Sonnet 3.7: https://github.com/rusiaaman/chat.md/blob/main/samples/vite-...
Exact same settings, using MCP server for tool calling, using OpenAI api interface.
PS: the formatting is off, but '#%%' starts a new block, view it in raw.
However the MVP went live and everyone was happy. Code is on my github, "EMD" - conversation isn't. https://github.com/genewitch/emd
i'd link the site but i think it's still in "dev" mode and i don't really feel like restoring from a snapshot today.

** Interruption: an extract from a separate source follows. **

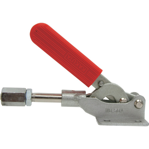 大阪角田興業(株) 品番:KC-50A-2S 角田 横押し型ステンレストグルクランプ No.50A-2S 特長シャフトの先端はおねじになっており、高ナットが付属しています。商品スペック仕様・規格横押型フランジベース全長(mm):151押圧力(kN):2.0ハンドル操作角度(°):190ストローク(mm):30先端部ねじ径:M10付属ナット径:M10取付方法:フランジベース製品刻印:No

note: i don't know javascript. At all. It looks like boilerplate and line noise to me. I know enough about programming to be able to fix things like "the icons were moving the wrong way", but i had to napkin it out (twice!) and then consult with someone else to make sure that i understood the "math", but i implemented the math correctly and copilot did not. Probably because i prompted it in a way that made its decision make more sense. see lines 2163-2185 in the link below for how i "prompt" in general.
note 2: http://projectftm.com/#I7bSTOGXsuW_5WZ8ZoLSPw is the conversation, as best i can tell. It's in reverse chronological order (#2944 - 2025-12-14 was the actual first message about this project, the last on 2025-12-15)
note 3: if you do visit the live site, and there's an error, red on black, just hit escape. I imagine the entire system has been tampered with by this point, since it is a public server running port 443 wide open.
They can be. The cloud-hosted LLMs add a gratuitous randomization step to make the output seem more human. (In vein with the moronic idea of selling LLM's as sci-fi human-like assistants.)
But you don't have to add those randomizations. Nothing much is lost if you don't. (Output from my self-hosted LLM's is deterministic.)
It seems to me that where we are today, AI is only useful for coding for very localized tasks, and even there mostly where it's something commonplace and where the user knows enough to guide the AI when it's failing. I'm not at all convinced it's going to get much better until we have models that can actually learn (vs pre-trained) and are motivated to do so.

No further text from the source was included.